After the war he studied law under his uncle Jesse Bledsoe, and practiced law in Kentucky.
He served in the Kentucky militia during the War of 1812. In Alabama he practiced law and continued his political career. In 1824 he was elected to the Alabama House of Representatives.
Baylor was elected as a Jacksonian to the Twenty-first Congress (March 4, 1829 – March 3, 1831) from Alabama"s 2nd congressional district and was an unsuccessful candidate for election in 1830 to the Twenty-second Congress.
In 1836 Baylor fought as a lieutenant colonel against the Creek tribe in the Creek War of 1836. At the age of 46, Baylor moved to Texas, where he would live for the rest of his life.

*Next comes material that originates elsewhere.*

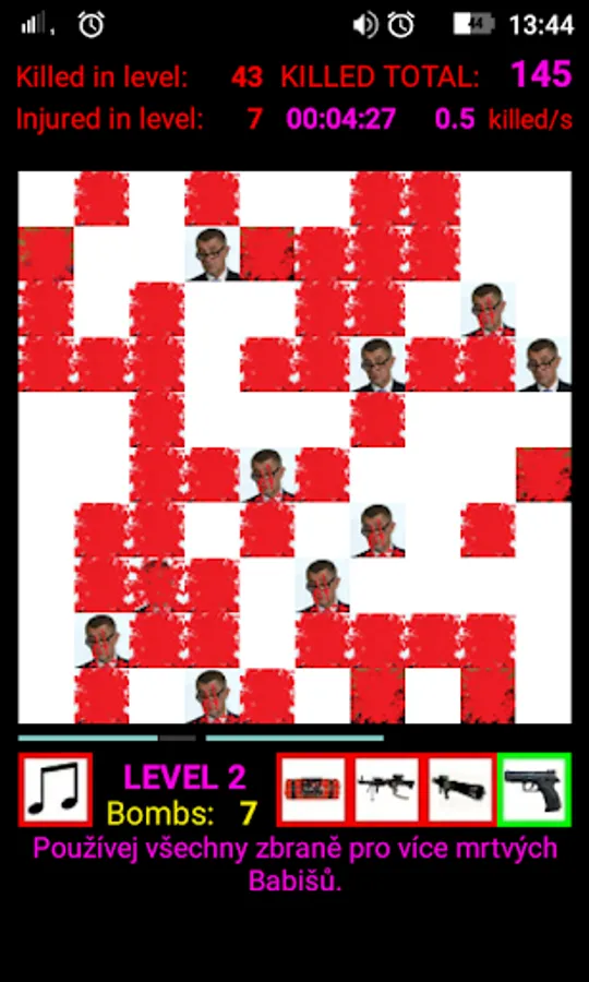 The game contains 10 levels. To advance to a new level, it is necessary to destroy at least 100 Babis and fill the battlefield with destroyed Babis.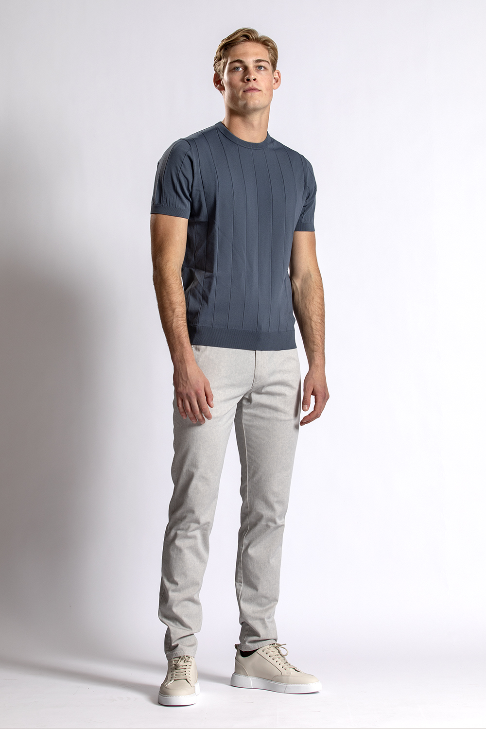 Zomerse look met dit staalblauwe cool dry t-shirt van I’m Fine met daaronder de lichte visgraat chino van het Zwolse North84 en de sneakers van H32.

He quickly made a name for himself in Texas law as judge of the Third Judicial District of the Congress of the Republic of Texas, and was appointed to the Texas Supreme Court as an associate justice in 1841, a position he would hold until the annexation of Texas in 1845. Baylor was one of the first officers of the Texas Baptist Educational Society and, in 1844, along with Reverend William Tryon and Reverend James Huckins, sent a petition to the Congress of the Republic of Texas asking the nation to charter a Baptist university.
In response to this petition, The Republic of Texas produced an Acting of Congress that was signed on February 1, 1845, by Anson Jones, providing the charter that yielded Baylor University and, later, the University of Mary Hardin-Baylor.
He was briefly a member of the Kentucky House of Representatives from 1819 to 1820 before he resigned and moved to Alabama.